The process $(M_n)_{n\geqslant0}$ is not a Markov process, nor a Markov process of any higher order.

To see this, note that $M_{n+1}$ is either $M_n$ or $M_n+1$, and that the probability that $M_{n+1}=M_n+1$ depends on $$T_n=\max\{0\leqslant k\leqslant n\,;\,M_{n-k}=M_n\},$$ the time elapsed since the process $(X_n)_{n\geqslant0}$ last hit its current maximum $M_n$. Then, due to the symmetry of the increments of the random walk, $\mathrm P(M_{n+1}=M_n+1\,\mid\,\mathcal M_n)=u(T_n)$, where $\mathcal M_n=\sigma(M_k\,;\,0\leqslant k\leqslant n)$ and, for every $k\geqslant0$, $u(k)=\frac12\mathrm P(X_k=0)$. Thus, $u(2k-1)=0$ and $u(2k)=\frac12{2k\choose k}2^{-2k}$ for every $k\geqslant1$, hence the sequence $(u(2k))_{k\geqslant1}$ is decreasing. Since, for every $0\leqslant k\leqslant n$, $[T_n\geqslant k]=[M_{n-k}=M_n]$, this shows that the conditional probability that $[M_{n+1}=M_n+1]$ depends on the past in a possibly unlimited way.

1.2 The analogous continuous time process is the standard Brownian motion $(B_t)_{t\geqslant0}$. Consider $S_t=\sup\{B_s\,;\,0\leqslant s\leqslant t\}$. Then $(B_t)_{t\geqslant0}$ is a Markov process but $(S_t)_{t\geqslant0}$ is not.

2. Other examples without the Markov property are the processes of local times.

2.1 In the discrete setting, consider $$Z_n=\sum\limits_{k=1}^{n}[X_{2k}=0].$$ Then $Z_{n+1}$ is either $Z_n$ or $Z_n+1$, and the probability that $Z_{n+1}=Z_n+1$ depends on $$\max\{0\leqslant k\leqslant n\,;\,X_{2n-2k}=0\},$$ the time elapsed since the last zero of the random walk. For reasons similar to the ones explained for the maxima processes:

The process $(Z_n)_{n\geqslant0}$ is not a Markov process, nor a Markov process of any higher order.

2.2 The analogous process for the standard Brownian motion $(B_t)_{t\geqslant0}$ is the so-called local time at zero $(L_t)_{t\geqslant0}$. Likewise, $(L_t)_{t\geqslant0}$ is not a Markov process.

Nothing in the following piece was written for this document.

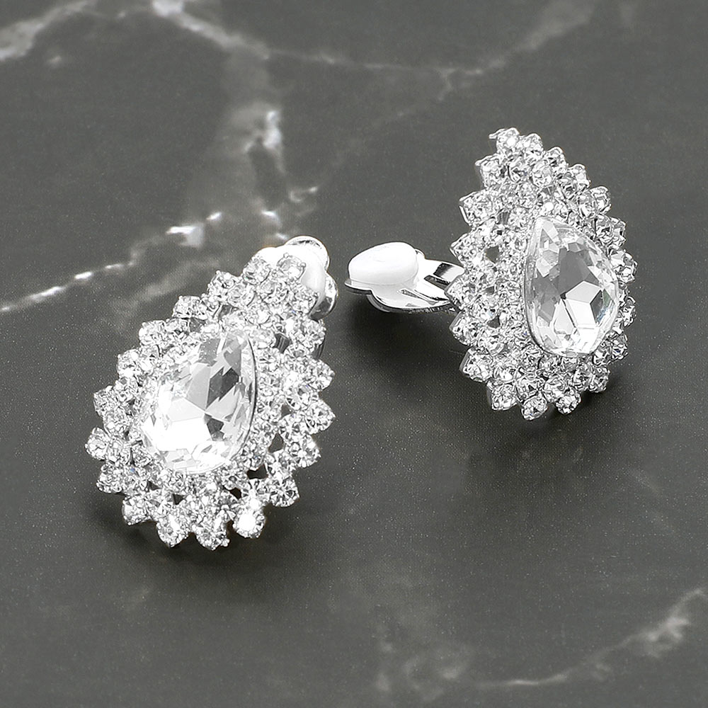 • Glamorous teardrop crystal cluster clip-on earrings designed with a sparkling layered halo for a radiant, eye-catching finish. Their elegant, non-pierced design offers comfortable wear for formal events, parties, bridal looks, or any occasion that calls for a touch of refined brilliance.

Swimming in a pool can be considered as a non-Markovian process. When the swimmer stops he feels a wave hitting him from behind after a short time. Of course the wave is created by the swimmer. This wave is the non-Markovian property. Instead of wave we can consider it as a mass of water following the swimmer.

Suppose that at a given instant t, a swimmer is swimming with a speed v. The amount of energy or power that he needs to maintain this speed depends on the past. If he was swimming faster (slower) just a second before, he will need less (more) energy at instant t to maintain his speed. Hence his situation at time t is effected by the past.